We can download the data set from Amazon S3:

In [4]:
%%bash
mkdir data
wget http://dataincubator-wqu.s3.amazonaws.com/mldata/providers-train.csv -nc -P ./ml-data
wget http://dataincubator-wqu.s3.amazonaws.com/mldata/providers-metadata.csv -nc -P ./ml-data

mkdir: cannot create directory ‘data’: File exists
File ‘./ml-data/providers-train.csv’ already there; not retrieving.

File ‘./ml-data/providers-metadata.csv’ already there; not retrieving.



We'll load the data into a Pandas DataFrame. Several columns will become target labels. Let's pop those columns out from the data, and drop related columns that are neither targets nor reasonable features (i.e. we wouldn't know how many times a facility denied payment before knowing whether it was fined).

The data has many columns. We have also provided a data dictionary.

In [5]:
import numpy as np
import pandas as pd

In [6]:
metadata = pd.read_csv('./ml-data/providers-metadata.csv')
metadata.head()

Unnamed: 0,Variable,Label,Description,Format
0,PROVNUM,Federal Provider Number,Federal Provider Number,6 alphanumeric characters
1,PROVNAME,Provider Name,Provider Name,text
2,ADDRESS,Provider Address,Provider Address,text
3,CITY,Provider City,Provider City,text
4,STATE,Provider State,Provider State,2-character postal abbreviation


In [7]:
data = pd.read_csv('./ml-data/providers-train.csv', encoding='latin1')

fine_counts = data.pop('FINE_CNT')
fine_totals = data.pop('FINE_TOT')
cycle_2_score = data.pop('CYCLE_2_TOTAL_SCORE')

## Step 1: state_model

A federal agency, Centers for Medicare and Medicaid Services (CMS), imposes regulations on nursing homes. However, nursing homes are inspected by state agencies for compliance with regulations, and fines for violations can vary widely between states.
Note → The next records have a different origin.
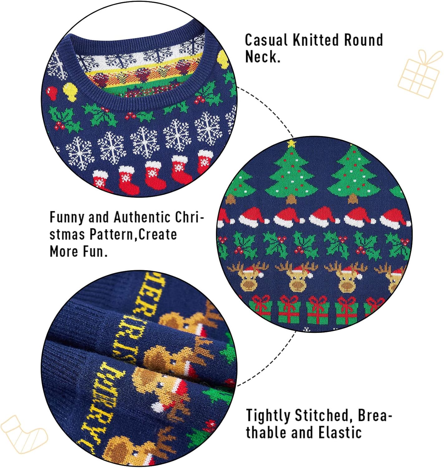 - ❤❤Neuheit & Funny Xmas Design: Gestrickt mit niedlichen Rentier/ Weihnachtsmann / Schneeflocke / String Licht und Ritter Grafik; Erhöhen Sie die frohe und lustige Atmosphäre von Weihnachten.
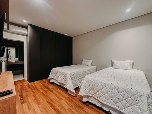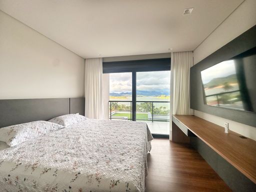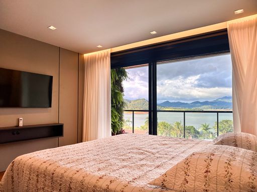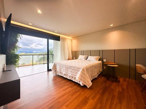 ▫️ 05 suítes amplas com armários e ar-condicionado, todas com vista para a represa e montanhas
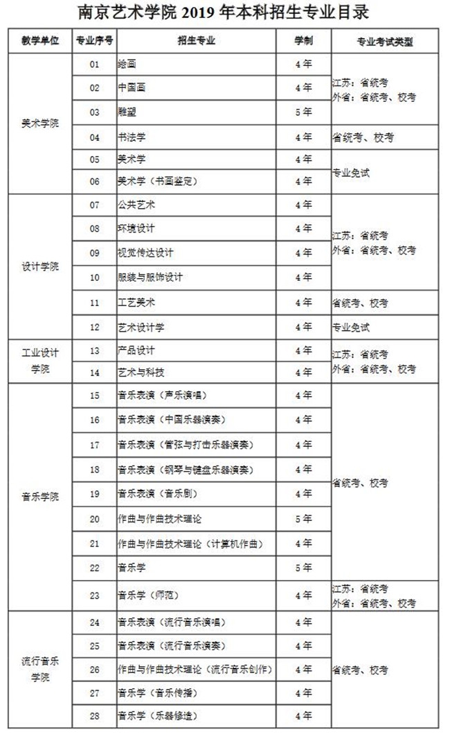 2、南京艺术学院 2026年艺术类本科校考专业与省级统...
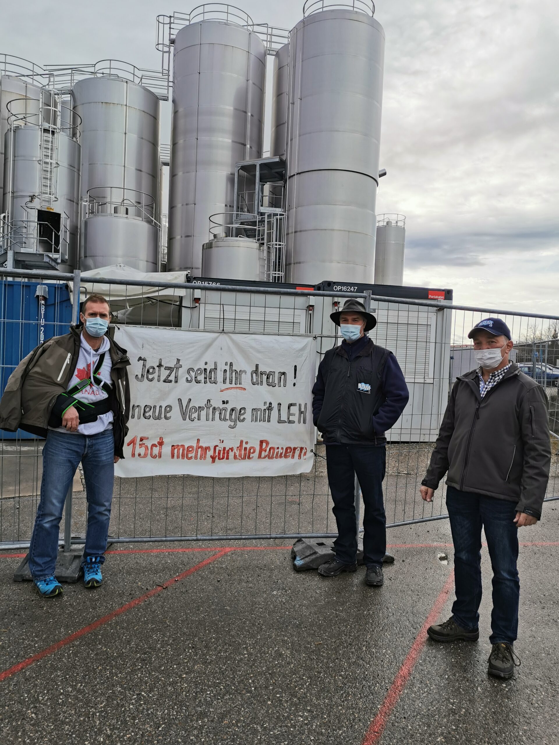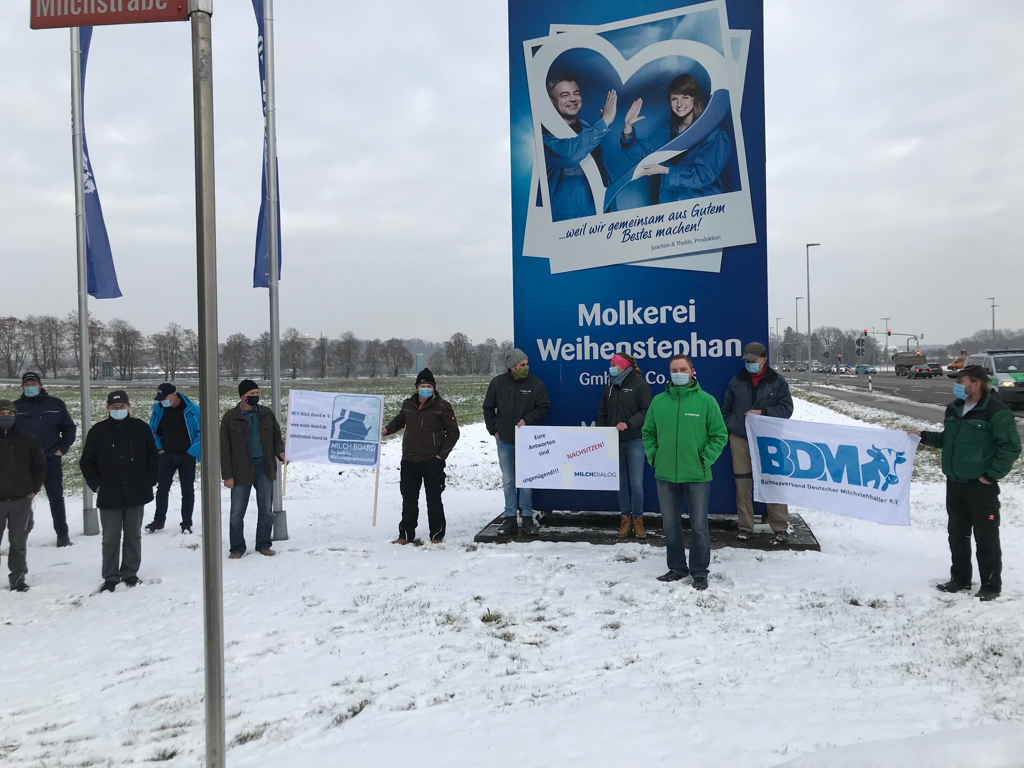 Landwirte vor dem Tor der Molkerei Weihenstephan in Freising
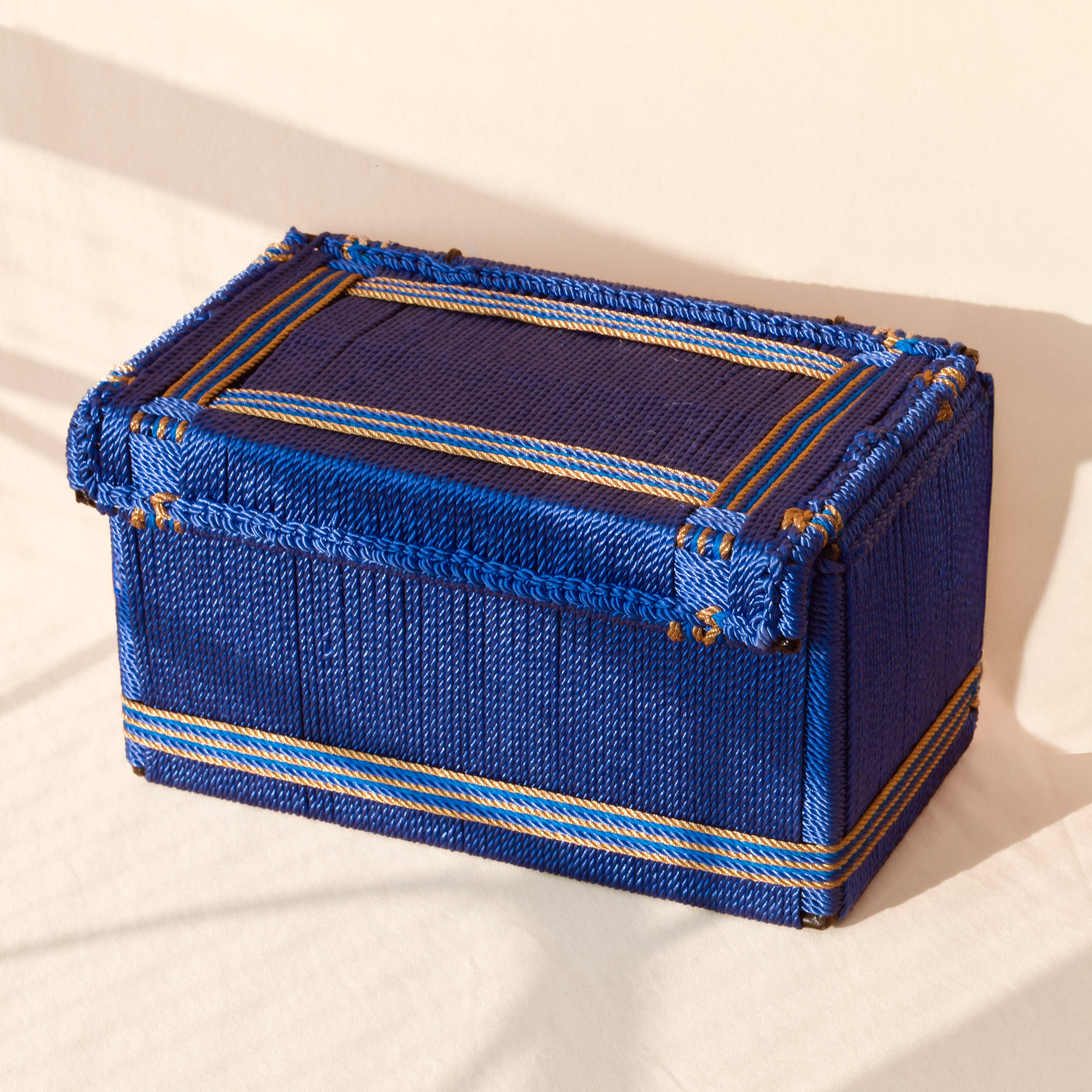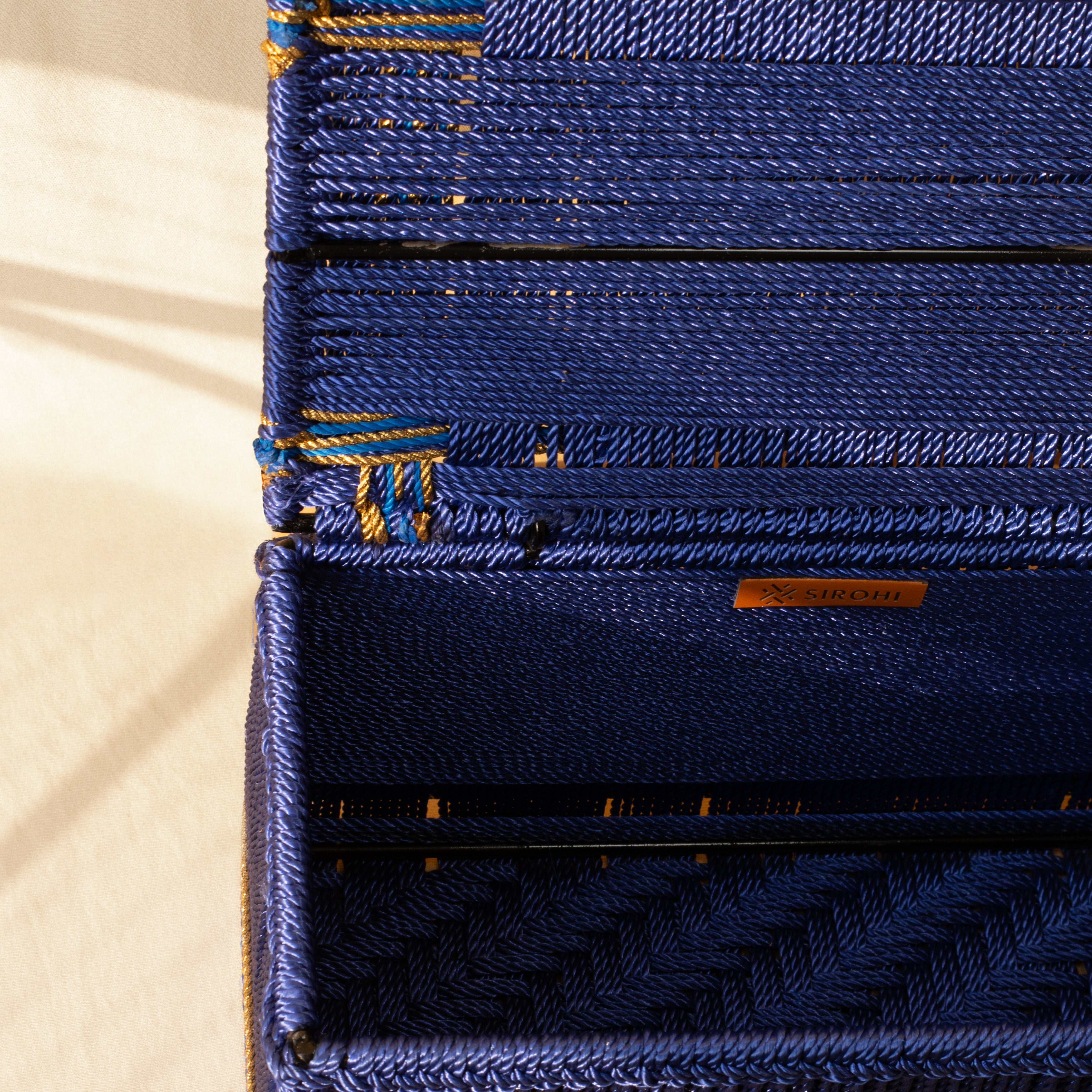 Experience the perfect blend of vibrant elegance, timeless craftsmanship, and sustainable design with this handwoven storage box crafted from premium resham rope. Thoughtfully made by Sirohi’s skilled women artisans, it is ideal for organising essentials, premium gifting, trousseau curation, or adding a refined decorative accent to your home. Durable, artisanal, and consciously crafted, it brings sophisticated charm and mindful luxury into every space.

Let's develop a very simple initial model to predict the amount of fines a nursing home might expect to pay based on its location.  

In [8]:
from sklearn.base import BaseEstimator, RegressorMixin, TransformerMixin

class GroupMeanEstimator(BaseEstimator, RegressorMixin):
    def __init__(self, grouper):
        self.grouper = grouper
        self.group_averages = {}

    def fit(self, X, y):
        if not isinstance(X, pd.DataFrame):
            X = pd.DataFrame(X)
        # Use self.group_averages to store the average penalty by group
        self.group_averages = y.groupby(X[self.grouper]).mean().to_dict()
        self.group_averages['global_average'] = y.mean()
        return self

    def predict(self, X):
        if not isinstance(X, pd.DataFrame):
            X = pd.DataFrame(X)
        # Return a list of predicted penalties based on group of samples in X
        return [self.group_averages.get(group, self.group_averages['global_average']) for group in X[self.grouper]]

After filling in class definition, we can create an instance of the estimator and fit it to the data.

In [9]:
from sklearn.pipeline import Pipeline

state_model = Pipeline([
    ('sme', GroupMeanEstimator(grouper='STATE'))
    ])
state_model.fit(data, fine_totals)

Pipeline(steps=[('sme', GroupMeanEstimator(grouper='STATE'))])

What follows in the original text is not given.